Até ao início de junho, a Autoridade Tributária tinha liquidado cerca de 3,2 milhões de declarações de IRS. De acordo com fonte oficial do Ministério das Finanças citada pela Lusa, a liquidação das declarações e o processamento dos reembolsos estavam a decorrer dentro da normalidade.
Mais reembolsos pagos do que no ano anterior
Segundo os dados avançados pelas Finanças, até 3 de junho tinham sido liquidadas mais de 3,2 milhões de declarações, das quais 1.948.160 com reembolso. O número representa mais 209 mil declarações com reembolso face ao mesmo período de 2025.
Até essa data, tinham sido pagos 1.814.589 reembolsos, num montante global superior a 1,7 mil milhões de euros. No ano anterior, a 4 de junho, tinham sido pagos 1.608.797 reembolsos. As Finanças referem ainda que os prazos médios de reembolso estão inferiores aos registados no ano passado. No caso do IRS Automático, o prazo médio situava-se em 11,6 dias, quando na mesma altura do ano anterior rondava os 13 dias.
Contabilistas apontam constrangimentos
Apesar da leitura positiva do Ministério das Finanças, a bastonária da Ordem dos Contabilistas Certificados, Paula Franco, tinha apontado atrasos nas validações de declarações. Em declarações ao programa Conversa Capital, da Antena 1 e do Jornal de Negócios, a responsável referiu que existem milhares de declarações ainda por liquidar, sobretudo fora do universo do IRS Automático.
Segundo Paula Franco, os atrasos causam constrangimentos aos contabilistas, que são frequentemente pressionados pelos clientes para saber se a liquidação já foi concluída. As estatísticas divulgadas pelas Finanças dizem respeito apenas a uma parte dos contribuintes e não esclarecem em detalhe o universo das declarações submetidas pela via normal.
O que deve fazer o contribuinte
Quem recebeu uma nota de cobrança e não consegue pagar o imposto de uma só vez deve consultar a sua situação no Portal das Finanças. Caso pretenda pedir o pagamento em prestações, deve fazê-lo dentro dos prazos previstos. Se não o fizer e cumprir os requisitos, a AT pode criar um plano automático 15 dias após o fim do prazo de pagamento voluntário.

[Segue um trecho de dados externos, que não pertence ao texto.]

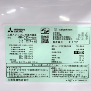神奈川県寒川町へ出張買取 三菱 ノンフロン冷凍冷蔵庫 MR-C33K-W形 2024年製 きれいな状態のため高価査定しました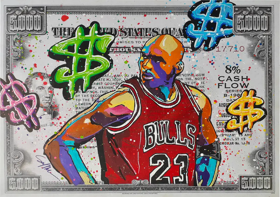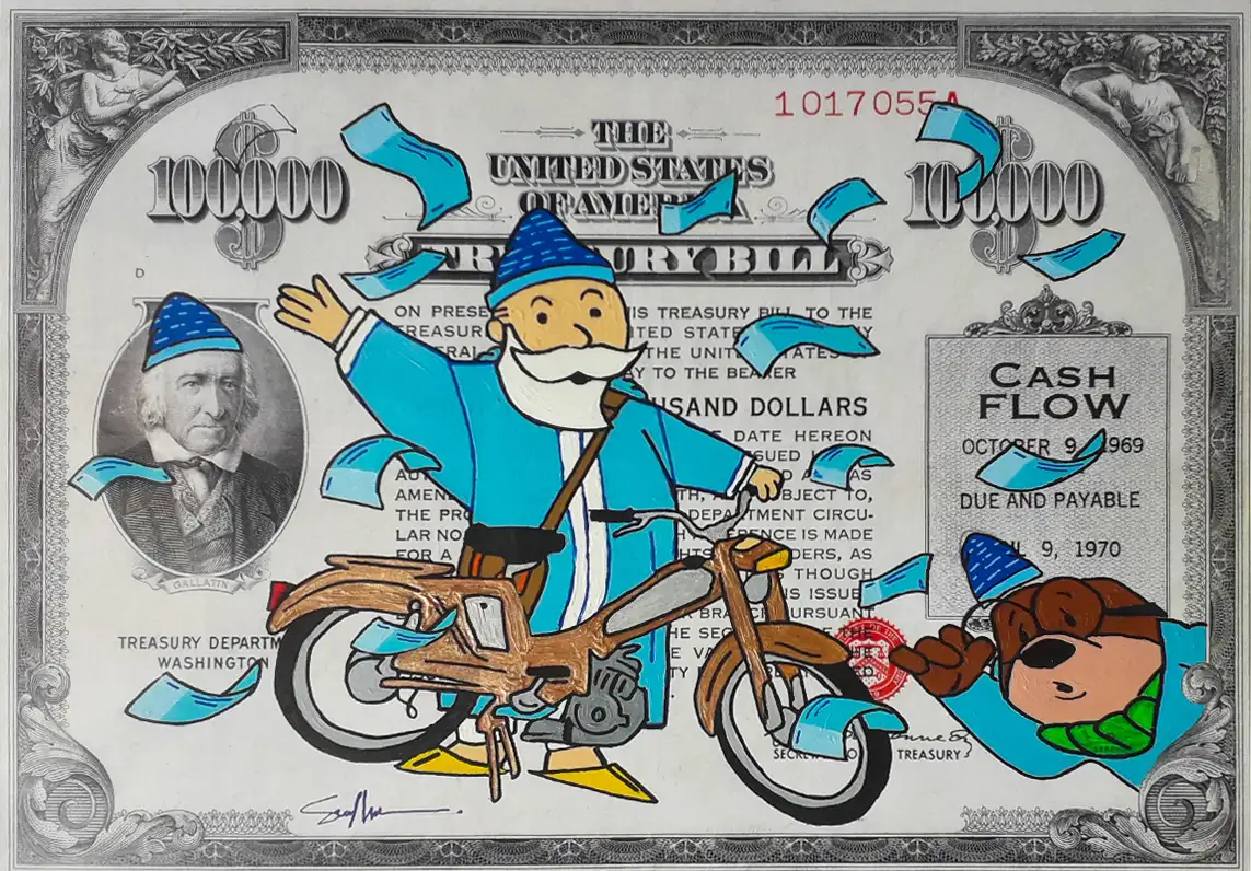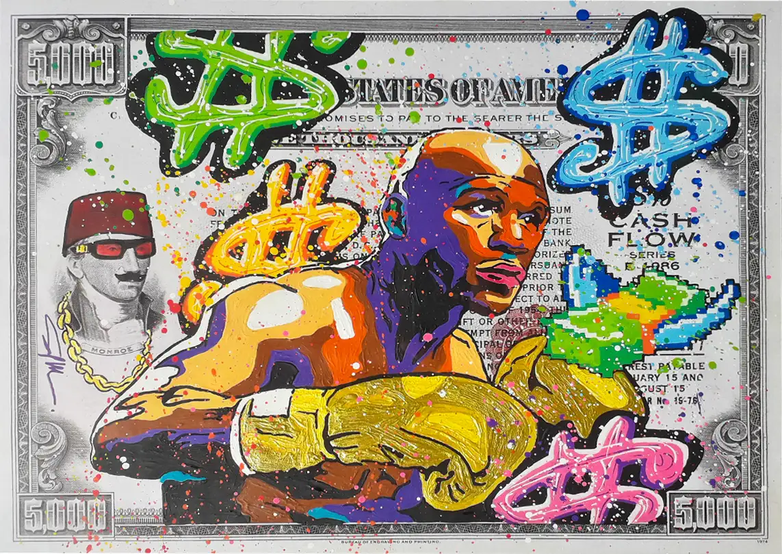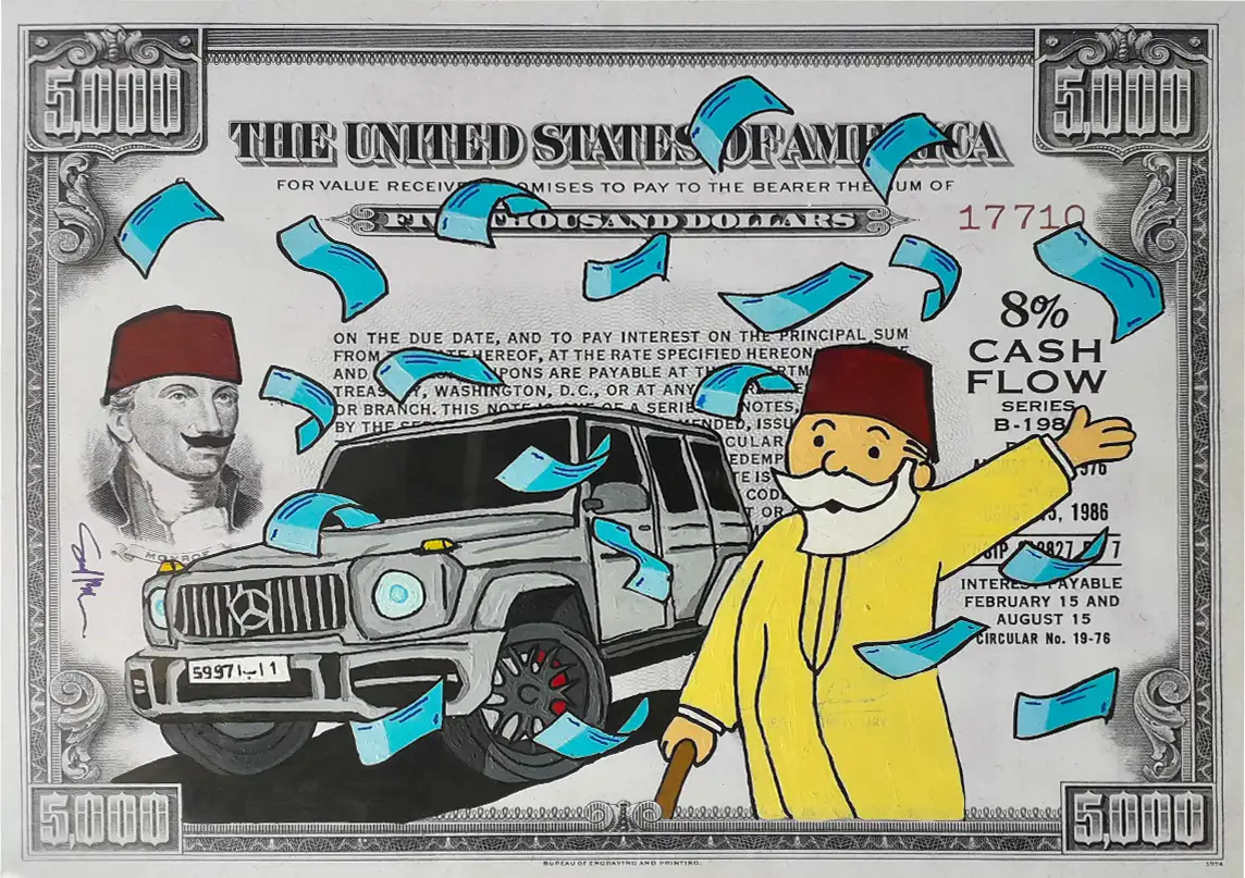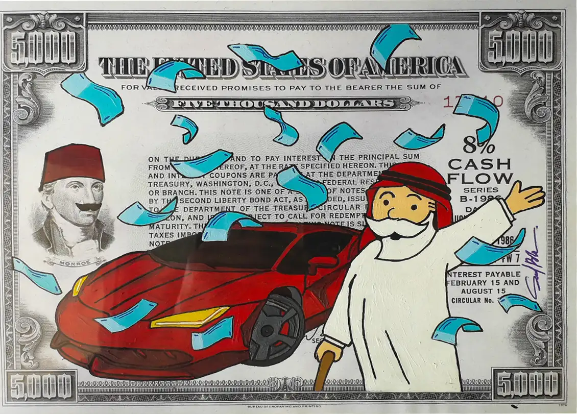 CASH FLOW Series is a pop art and street art series that highlights all signs and symbols of wealth, success, and especially capitalism elements through cartoon characters that fit the concept and the idea behind the series.

Ainda assim, é essencial acompanhar as notificações e garantir que a primeira prestação é paga dentro do prazo. A regra prática é simples: o pagamento em prestações pode evitar um esforço financeiro imediato maior, mas falhar o plano pode empurrar a dívida para execução fiscal. Para quem tem IRS ou outro imposto por regularizar, o pior caminho é ignorar a notificação.